"La misión de ustedes es ayudar a garantizar que se prevenga el abuso. Sin embargo, la prevención nunca es solamente un conjunto de protocolos o procedimientos (...) Por lo tanto, exige un proceso de conversión en el que los sufrimientos de los demás sean escuchados y nos muevan a actuar", indicó el papa.
Y agregó que en este sentido, "las experiencias de las víctimas y de los sobrevivientes son puntos de referencia esenciales. Aunque ciertamente son dolorosas y difíciles de escuchar, estas experiencias sacan poderosamente a la luz la verdad y nos enseñan humildad mientras nos esforzamos por ayudar a las víctimas y a los sobrevivientes".
Valoró el informe anual que presenta este organismo que instituyó Francisco e indicó la necesidad de no caer en "la improvisación y la superficialidad a la hora de abordar la prevención del abuso".
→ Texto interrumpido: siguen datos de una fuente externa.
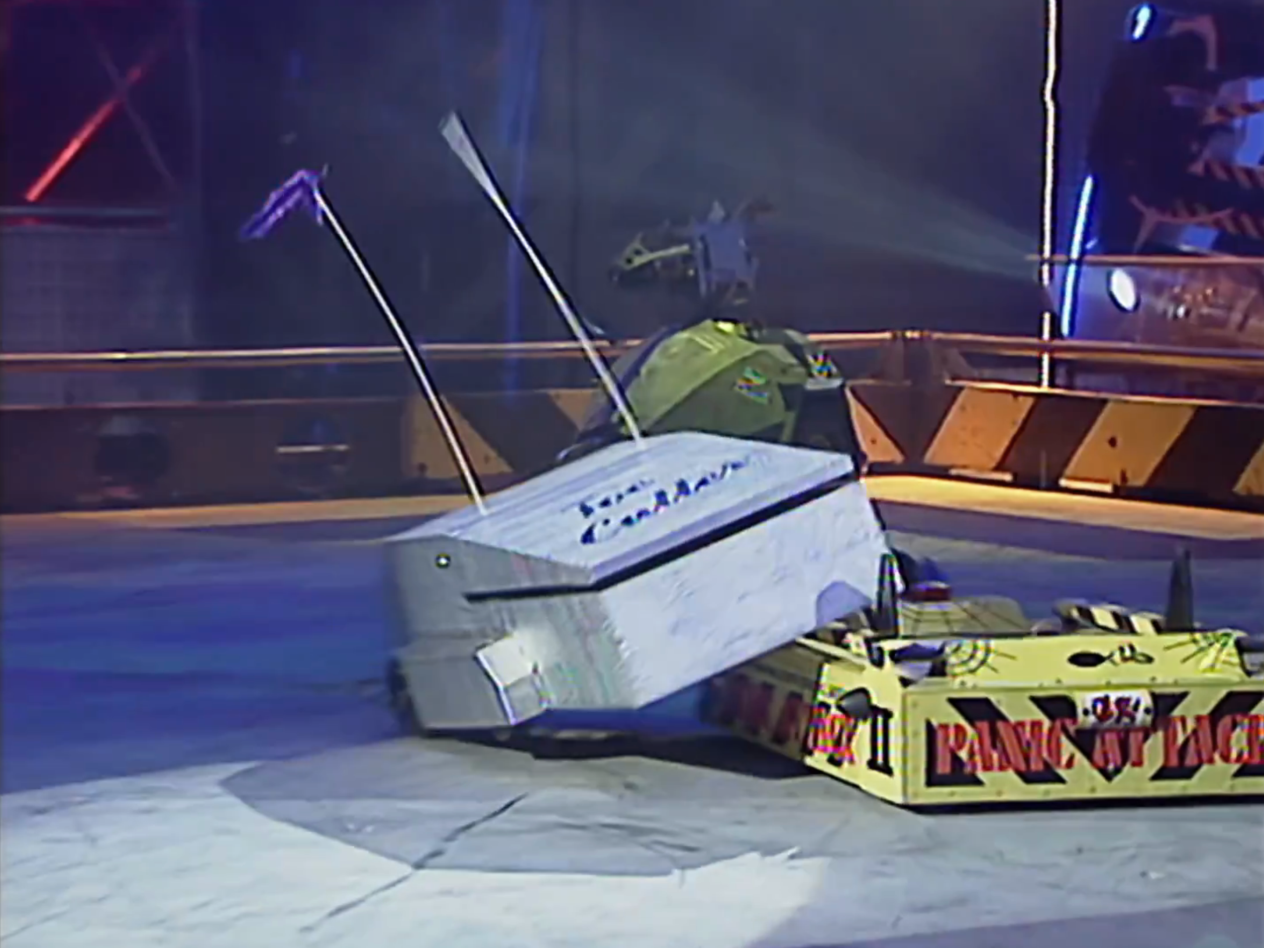 - Somewhat fittingly, Panic Attack was the first robot to successfully pit two opponents, pitting both Disruptor and Mortis. As it pitted Cassius later on, it also became the first robot to pit three opponents.

También pidió seguir estudiando "el concepto de vulnerabilidad en relación con el abuso y la prevención del abuso de menores facilitado por la tecnología en el espacio digital" porque "ayudan a la Iglesia a afrontar con valentía los retos de la protección y a responder con claridad pastoral y renovación estructural".
Y aseguró que los esfuerzos de esta comisión "no es simplemente el establecimiento de un proceso formal, sino un signo de comunión y responsabilidad compartida".